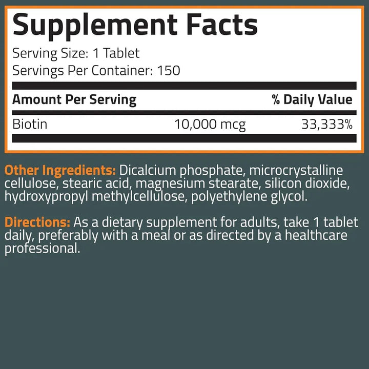 La Biotina trabaja como coenzima en el cuerpo, fundamental en la metabolización de grasas, carbohidratos y proteínas, asegurando que estos nutrientes se utilicen de manera eficiente, beneficiando la salud de tu cabello, piel y uñas. Para utilizar el producto, simplemente toma una tableta cada día, preferiblemente con una comida, para optimizar su absorción y efectividad.
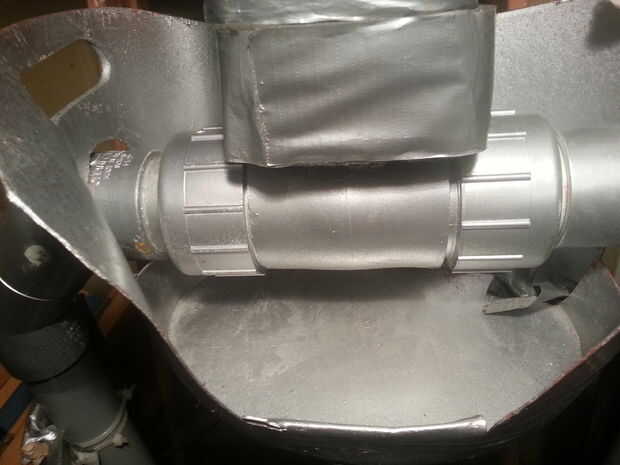 La guarnición de la compresión de hombro es una T con una derivación central roscado. La columna de diámetro más grande se conecta al centro del hombro T con un acoplador reductor roscado. Elegí un diámetro más grande para las caderas que no estaba disponible como una T. La hice en un T partiendo de un estándar, Re-Max T montaje longitudinal y pegar el lado de la T a la guarnición de la compresión. Este accesorio de compresión más grande de T se une a la parte inferior de la columna vertebral.
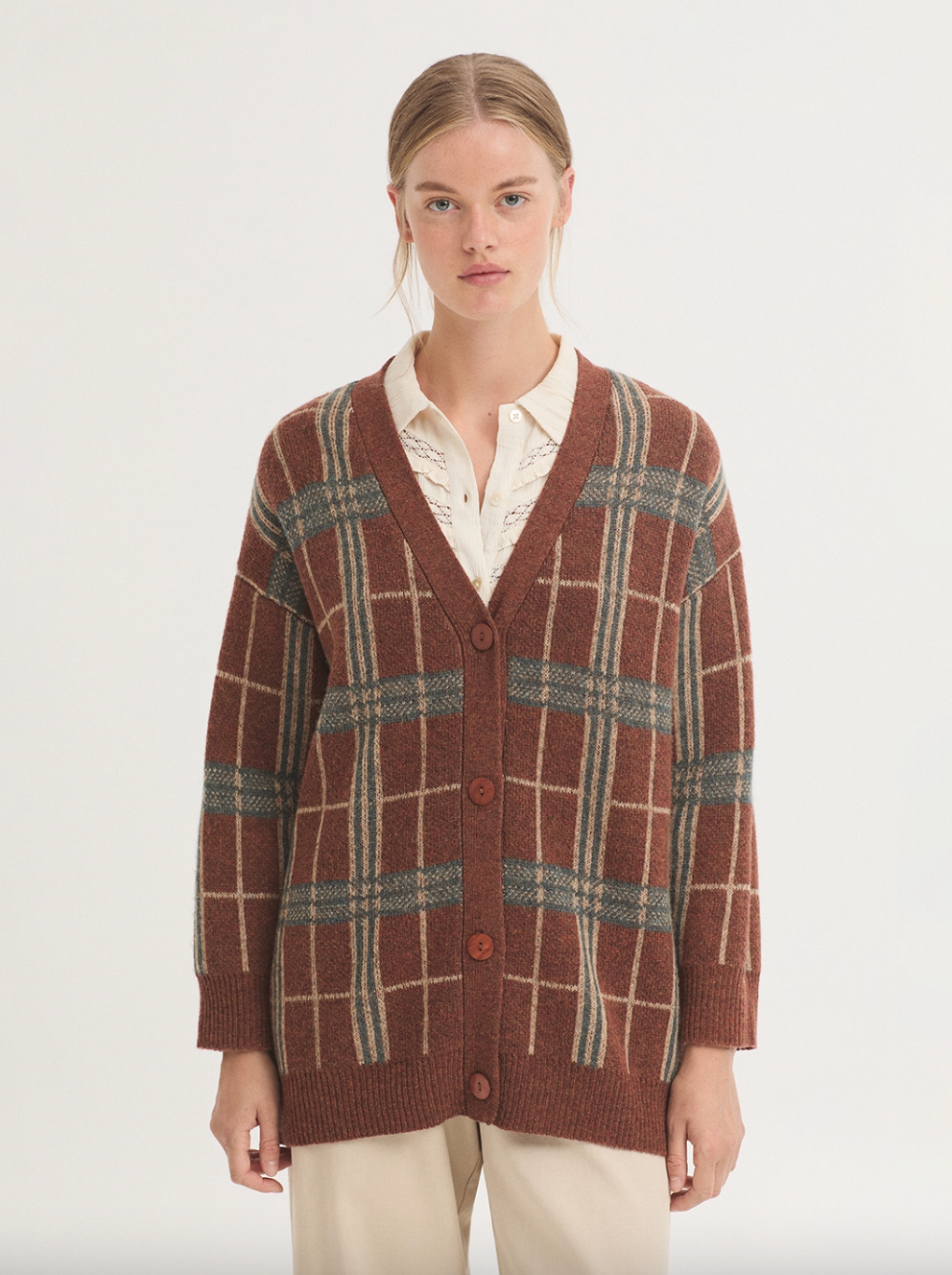 CÁRDIGAN CUADROS EN LANA

* **Requirement**
Copy out the data exactly and keep the pictures out.

* **Written answer**
 La Biotina trabaja como coenzima en el cuerpo, fundamental en la metabolización de grasas, carbohidratos y proteínas, asegurando que estos nutrientes se utilicen de manera eficiente, beneficiando la salud de tu cabello, piel y uñas. Para utilizar el producto, simplemente toma una tableta cada día, preferiblemente con una comida, para optimizar su absorción y efectividad.
 La guarnición de la compresión de hombro es una T con una derivación central roscado. La columna de diámetro más grande se conecta al centro del hombro T con un acoplador reductor roscado. Elegí un diámetro más grande para las caderas que no estaba disponible como una T. La hice en un T partiendo de un estándar, Re-Max T montaje longitudinal y pegar el lado de la T a la guarnición de la compresión. Este accesorio de compresión más grande de T se une a la parte inferior de la columna vertebral.
 CÁRDIGAN CUADROS EN LANA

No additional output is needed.